Забрав имущество мы направились в сторону «вертушек». В один вертолет поместилось две группы. И хотя, все были собраны и внешне спокойны — ни паники, ни мандража, в воздухе почти физически ощущались напряжение и опасность. Шутка ли, предстоит настоящий боевой вылет! На «вертушках»! К гукам! Но пока летели, напряжение постепенно отпускало, сменяясь эмоциональным подъемом и даже, как ни странно, радостью. Как будто предстоял не бой, а испытание нового аттракциона а-ля Мертвая петля…
Я испытывал волнение и одновременно восторг. Вертолеты прочно ассоциировались с Вьетнамом. Спасибо Френсису Форду Копполе! Параллель с любимыми фильмами детства непостижимым образом вселяла уверенность и прибавляла сил. Мой дух, моя сила воли были в порядке. Начинались настоящие приключения! Как тут не задуматься о материализации мысли, ведь вот оно: полет, оружие, противник.
«Может Басаев и Хаттаб спланировали рейд, потому что я так сильно хотел попасть на войну?» — думал я. Эта глупая мысль меня ещё сильнее развеселила, я улыбнулся.
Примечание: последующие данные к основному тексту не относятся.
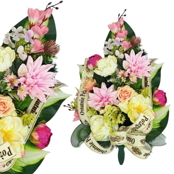 Kwiaty są integralnym elementem ceremonii ostatniego pożegnania lub jako element ozdobienia grobu, łącząc szacunek i elegancję w jednym, starannie wykonanym projekcie. Podkład wieńca jest wykonany z zielonych, gęsto splecionych gałązek PCV, które są zarówno trwałe, jak i estetyczne, podkreślając kolorystykę wiązanki.

Что ж, искал приключений на жопу — получай!
Экипаж запустил двигатели, машина начала свистеть, все затихли. Обороты нарастали, и «корова»[80]
пошла на взлет. Вертолёт набрал скорость и тяжело оторвался от земли…Кроме неба и солнца, которое безжалостно било в стекло, в иллюминаторы ничего не было видно.
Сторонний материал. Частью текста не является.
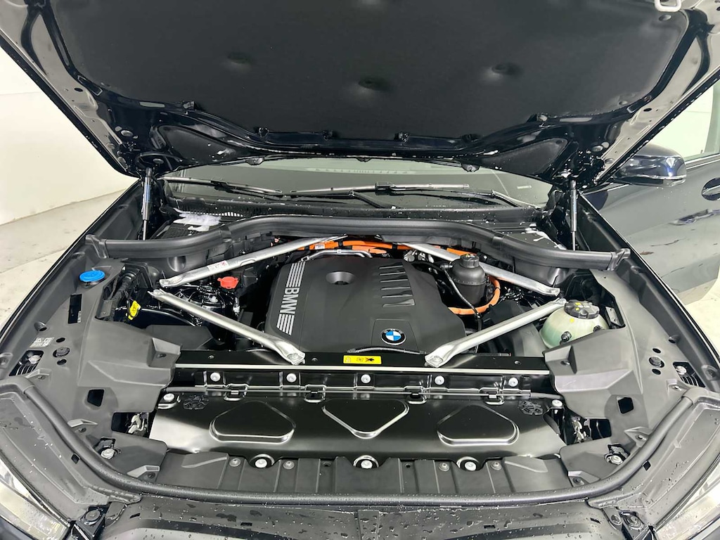 M SPORT PACKAGE Wheels: 20 x 9 M Star-Spoke Bi-Color, Style 740M, Shadowline Exterior Trim, M Steering Wheel, M Sport Package (337), Without Lines Designation Outside, High-Gloss Shadowline Roof Rails, Aerodynamic Kit, CLIMATE COMFORT PACKAGE 4-Zone Automatic Climate Control, Front Ventilated Seats, Multi-Contour Seats, Front & Rear Heated Seats, Heated Front Seats, Armrests & Steering Wheel, PREMIUM PACKAGE Live Cockpit Pro, HUD and video AR, harman/kardon® Surround Sound System, PARKING ASSISTANCE PACKAGE automatic park assistant, backup assistant and trailer assistant, Parking Assistant Professional, Active Park Distance Control, Parking View w/3D View (Surround View), TRAILER HITCH. BMW xDrive50e with Carbon Black Metallic exterior and Black interior features a Straight 6 Cylinder Engine with 483 HP at 5000 RPM*.

Пролетев чуть больше ста километров, воздушная машина пошла на снижение.
Приземлились. Вышли. Из-за поднявшейся пыли видимость была плохая.
Как только «вертушка» ушла прозвучали выстрелы.
В двухстах метрах от нас три орудия били прямой наводкой в гору, разделенную двумя хребтами.
«Вот и Вьетнам! — подумал я. — Началось веселье!»
И похоже, так думал не я один! Ведь суть спецназа — это война. Спецназ не проверяется на соревнованиях, кто больше присядет или больше подтянется. Проверка спецназа — это бой с превосходящими силами противника. Поэтому, все бойцы отряда были рады возможности пройти через что-то действительно серьезное! Только один боец не был рад. Точнее он тоже радовался, но по нему этого заметно не было. Это был парень азиатских кровей, неулыбчивый, молчаливый, то ли якут, то ли бурят. На его лице, словно застыла маска великой скорби. Как будто его деревню рядом с Камбоджей сожгли американские морпехи. По крайней мере, мне в голову лезли именно такие мысли. «Плачущий убийца». Так его прозвал замполит группы — Диджей Вова.